On Easter Sunday, President Barack Obama paused to pay tribute to civil rights leader and noted pastor, Dr. Gardner Calvin Taylor, who died earlier that day at age 96.
“Anybody who had the privilege of hearing him speak knows what power he had,” said Obama. “He was a civil rights hero. He was a friend of Dr. King, who used his spellbinding sermons to spread the gospel and open people’s hearts and minds. He taught and mentored countless young ministers. So as we mourn his absence today, we also take solace knowing that he leaves a living legacy and that he is in a better place.”
Taylor was born in 1918 in Baton Rouge, Louisiana, the grandson of former slaves. He became a Baptist minister in Brooklyn in 1948.
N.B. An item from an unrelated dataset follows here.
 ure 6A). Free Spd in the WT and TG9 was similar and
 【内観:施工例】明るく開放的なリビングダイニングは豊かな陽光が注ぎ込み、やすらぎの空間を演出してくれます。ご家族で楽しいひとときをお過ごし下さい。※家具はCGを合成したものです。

Taylor was retired from the senior pastorate of the Concord Baptist Church of Christ in Bedford-Stuyvesant in Brooklyn, where he preached for 42 years.
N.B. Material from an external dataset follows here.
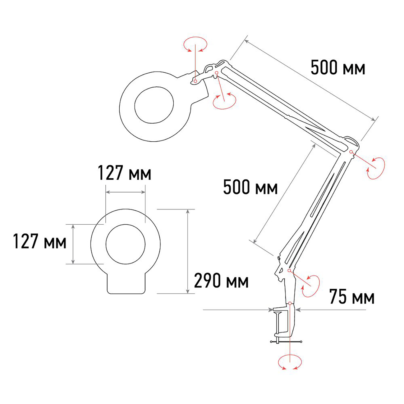 Линза выполнена из качественного стекла и обеспечивает чёткое изображение с минимумом искажений. Специальный звеньевой механизм с рабочим радиусом 100 см позволяет изменять положение лупы в пространстве. Надёжное винтовое крепление фиксирует конструкцию на любой ровной горизонтальной поверхности. Благодаря LED-подсветке приспособлением удобно пользоваться даже в затемнённых помещениях.

He is recognized as having a national impact. The celebrated author and sermon writer was known for the power of his written words, and was described by Time magazine in 1980 as the dean of African-American pastors. In 1996, Baylor University declared him as one of the most effective preachers in the English-speaking world.
Taylor preached the pre-inauguration sermon in January 1993 for then President-elect Bill Clinton at Metropolitan A.M.E. Church in Washington D.C. He later received the Presidential Medal of Freedom from President Bill Clinton on August 9, 2000.
Following his retirement 25 years ago, Taylor moved to Raleigh, N.C., He resided at the Hillcrest Convalescent Center in Durham since 2011.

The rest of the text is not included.